DIHENTIKANNYA proses hukum terhadap Bibit dan Chandra oleh Kejaksaan merupakan bukti nyata bahwa mafia hukum dan makelar kasus (markus) di lembaga penegakan hukum, khususnya kepolisian dan kejaksaan, benar-benar ada. Bukan isapan jempol. Penting dan patut dicermati, tidak hanya di tubuh kepolisian dan kejaksaan, bau tidak sedap soal mafia hukum dan markus. Lembaga peradilan mengidap kegawatan serupa. Hal tadi mendorong hadirnya lembaga Komisi Yudisial (KY) ditengah isu mafia hukum. Meski nyaris tak terdengar, KY sesungguhnya memiliki potensi memberantas mafia hukum dan markus di lingkungan peradilan.

Pasca pembatalan beberapa pasal-pasal dalam UU Nomor 22 Tahun 2004 tentang Komisi Yudisial (KY) oleh Mahkamah Konstitusi, memang praktis lembaga KY didesak mereposisi diri. Beberapa pasal tersisa masih berdetak terkait dengan pengusulan pengangkatan hakim agung kepada DPR. Sementara untuk kewenangan menegakkan kehormatan dan keluhuran martabat serta menjaga perilaku hakim, perlu dirumuskan indikator dan tolok ukurnya melalui revisi UU Nomor 22 Tahun 2004 tentang KY.

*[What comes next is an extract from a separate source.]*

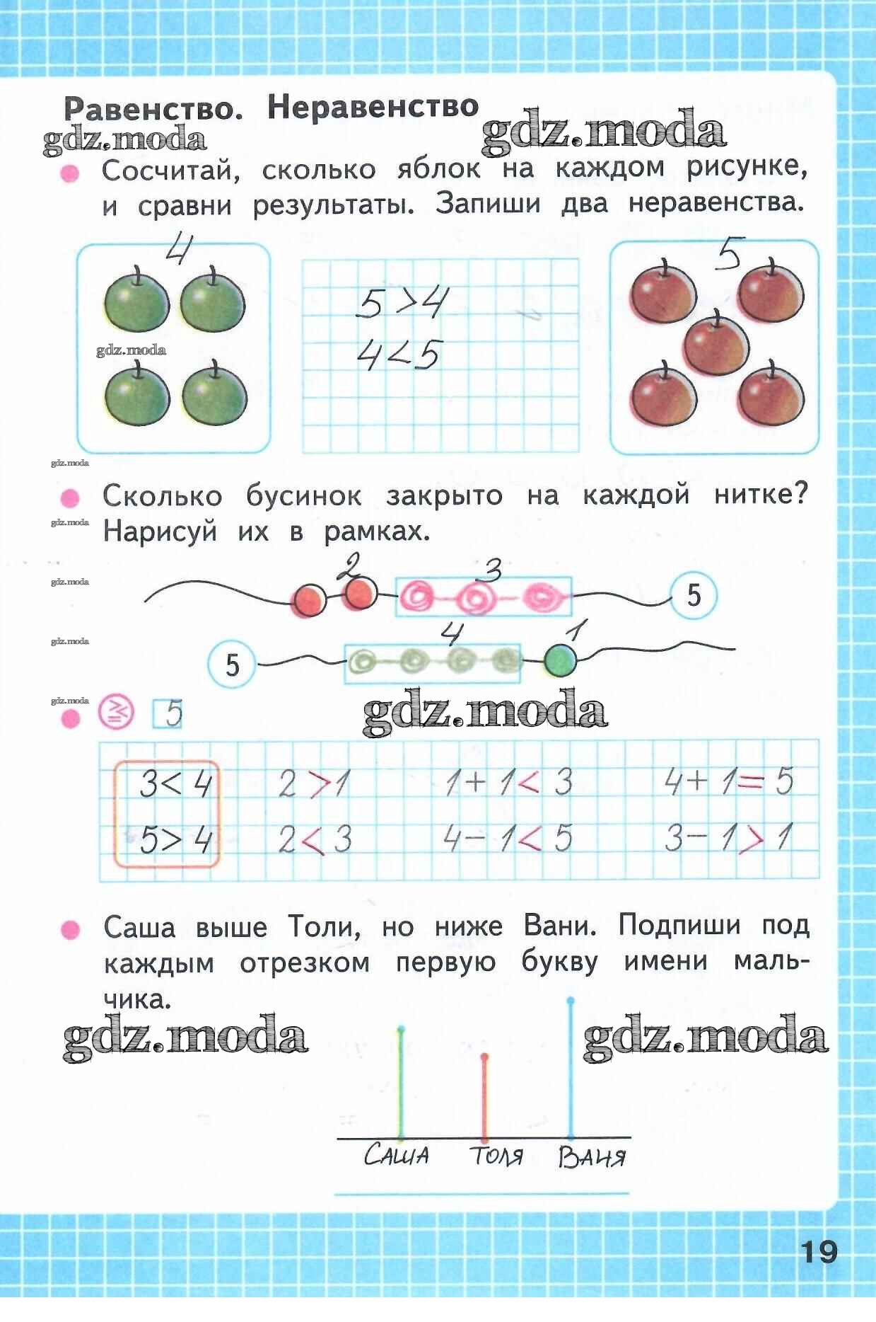ОТВЕТ на задание № 19 Рабочая тетрадь по Математике 1 класс Моро Школа России

Kini, KY tengah berikhtiar di segala keterbatasannya menyusun cetak biru (blue print) KY. Penyusunan sudah dimulai sejak Juli 2009. Melibatkan akademisi, praktisi dan jejaring. Melacak respon ke berbagai daerah. Mewawancarai sekian banyak pemangku kepentingan (stake holders) seperti kalangan hakim, anggota parlemen, praktisi hukum hingga lembaga swadaya masyarakat, pers dan akademisi. Penyusunan cetak biru itu sendiri berarti mesti memperhatikan prakondisi ketentuan yang lemah terkait eksistensi fungsi pengawasan terhadap perilaku hakim. Paling strategis dan penting, bagaimana keterbatasan tidak menjadi kendala. Justru, merupakan ranah “pembuktian” bahwa KY memiliki komitmen serius menuju reformasi peradilan berkelanjutan (sustainability). Bukan malah KY dihilangkan, misalnya.

***
Ada beberapa isu menarik untuk dibahas terkait dengan kelembagaan KY. Pertama, soal mekanisme rekrutmen hakim agung. Semula, kualitas hakim agung sempat disandarkan pada isu pro kontra antara hakim karier dan non karier. Masalahnya, ternyata bukan disitu. Sebab, bukti menunjukkan, dilembaga Mahkamah Agung hingga saat ini, baik hakim karier maupun non karier tidak menunjukkan prestasi luar biasa. Meski, Bagir Manan semasa menjabat Ketua MA, nekad memperpanjang masa pensiunnya dengan dasar prestasi luar biasa (dan dimungkinkan di UU MA yang ada waktu itu).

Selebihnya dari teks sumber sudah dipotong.